Because X is cool and sexy, but Q is so dull. No one wants to see a Q-rated movie and sexy villainesses and femme fatales never have Q’s in their names.
He may have gotten 10 predictions right - but he made a lot more than 29 predictions.
Take the ‘500 million people’ paragraph. He’s 0-for-4 in that one paragraph: on the 350-500 million people, on Nicaragua seeking admission to the Union, on Mexico doing the same, and on European expansion into Latin America.
Or the next paragraph. He’s right about the increase in Americans’ height, about some of the reasons, and about there being a nontrivial increase in life expectancy. He’s wrong about the near-abolition of residences in cities, about the illegality of building in blocks, about the brevity of commuting from the suburbs, and about its cost. So I’d give him 3-for-7 for that paragraph.
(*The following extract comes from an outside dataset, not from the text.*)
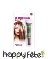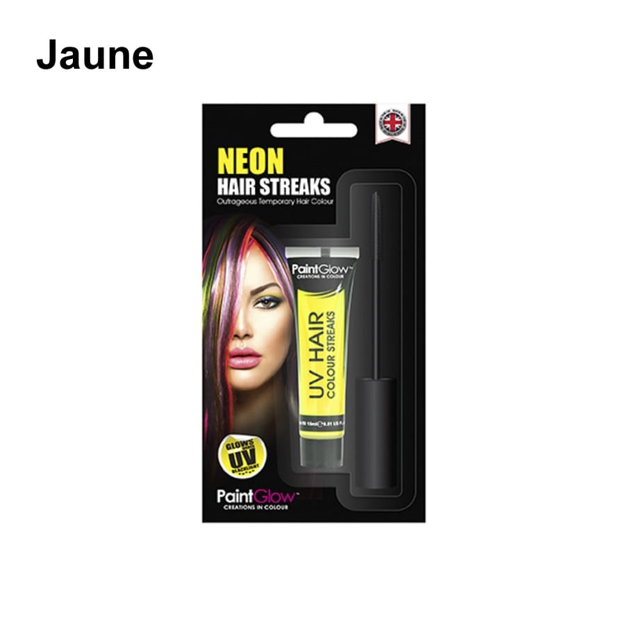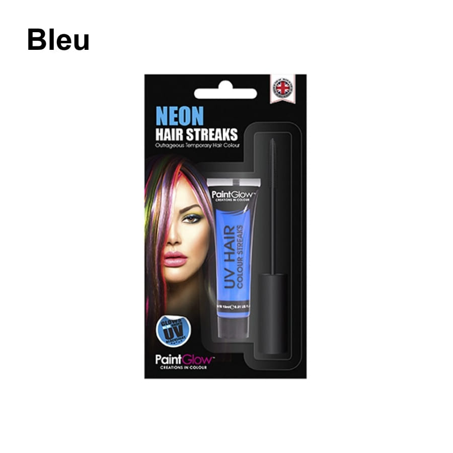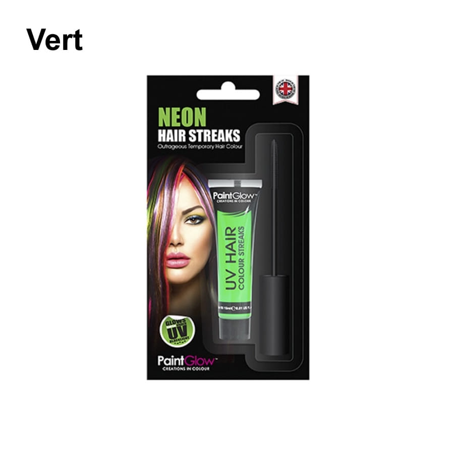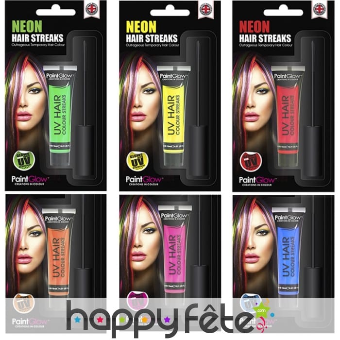 Pour colorer vos cheveux de manière temporaire lors d'une soirée Halloween ou autre, l'article Mascara fluo pour cheveux UV vous permettra de maquiller vos cheveux avec les couleurs suivantes : jaune, vert, bleu, rose, orange et rouge. Ce mascara destiné aux adultes est offert en tube de 15 ml sous blister. Il réagit aux UV et n'émet pas sa propre lumière.

And in the third paragraph (C,X,Q), he’s wrong about the disappearance of those letters, the adoption of spelling by sound, the notion that English will become a language of condensed words, and that Russian will be the second most commonly used language worldwide. And I doubt whether English is the language spoken more extensively than any other, given 1.5 billion Chinese in the world. But English may be the language that’s used at least some of the time by more people than any other, as our language has become something of a lingua franca. So I’d give him 0.5 out of 5 for that paragraph.
So that’s 16 predictions in 3 paragraphs, with 26 paragraphs to go. And batting a more realistic .250 so far.